Give us a better idea of what your resources are. This is your Masters. What was your Bachelors in? What knowledge do you have so far that can be applied to your thesis? When you say sustainable development, what aspect are you focused on? Garden? Buildings? Transportation? Irrigation? Waste? Where are you? What's your local environment like? wet/dry? grassland/forest? hot/cold?
You've ruled out economics for good reason. I'm assuming you rule out regulatory issues for similar reasons, although there's a lot to be done to repeal zoning restrictions in many places. You could look at the regulatory landscape and how it effects permaculturists: water harvesting, greywater, livestock in town, mown lawn ordinances...
I see a lot of people asking "How do I make the transition?" They mulch kill their lawn and try to convert it to a permaculture garden. You could look at methods for this transition. Compare heavy mulch with grazing a pig, or a dozen rabbits in a moderate area. Compare buying in straw with owning a paper shredder. Compare permaculture systems that use livestock to those that don't.
Audit your community for resources. Look at potential nutrient sources, fuels, fuel needs, land (both vacant and underused), water, etc, and build a new model of how that community could function under permaculture principles.
Find an intentional community committed to permaculture and document their efforts.

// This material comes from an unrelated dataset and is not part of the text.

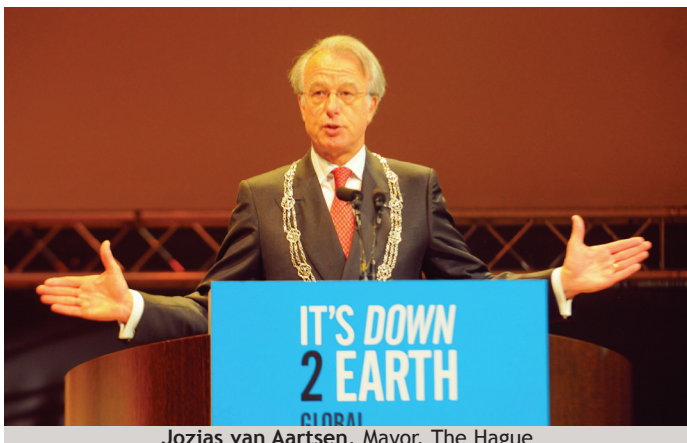
Jozias van Aartsen, Mayor, The Hague

WORLD SUMMIT ON FOOD SECURITY: This Summit took place from 16-18 November 2009 at FAO Headquarters in Rome, Italy. The Summit brought together over 4,700 delegates from 180 countries, including 60 Heads of State and Government, as well as representatives of governments, UN agencies, intergovernmental organizations, NGOs, the private sector and the media. Delegates met throughout the Summit both for a High-Level Segment and for a series of four roundtables, and addressed: minimizing the negative impact of the food, economic and financial crises on world food security; implementation of the reform of global governance of food security; climate change adaptation and mitigation: challenges

Consider what's needed on a community level and what physical and sociological challenges must be met.
The book The Integral Urban House was written 35 years ago. Write an update.
Run a survey to establish what the standard skill set and physical tool set of the successful permaculturist is. Describe it in terms of what a B.S. in Permiculture would have as a curriculum. Or do the same, but imagine it not as a B.S., but as a course similar to, or building on, Master Gardener programs.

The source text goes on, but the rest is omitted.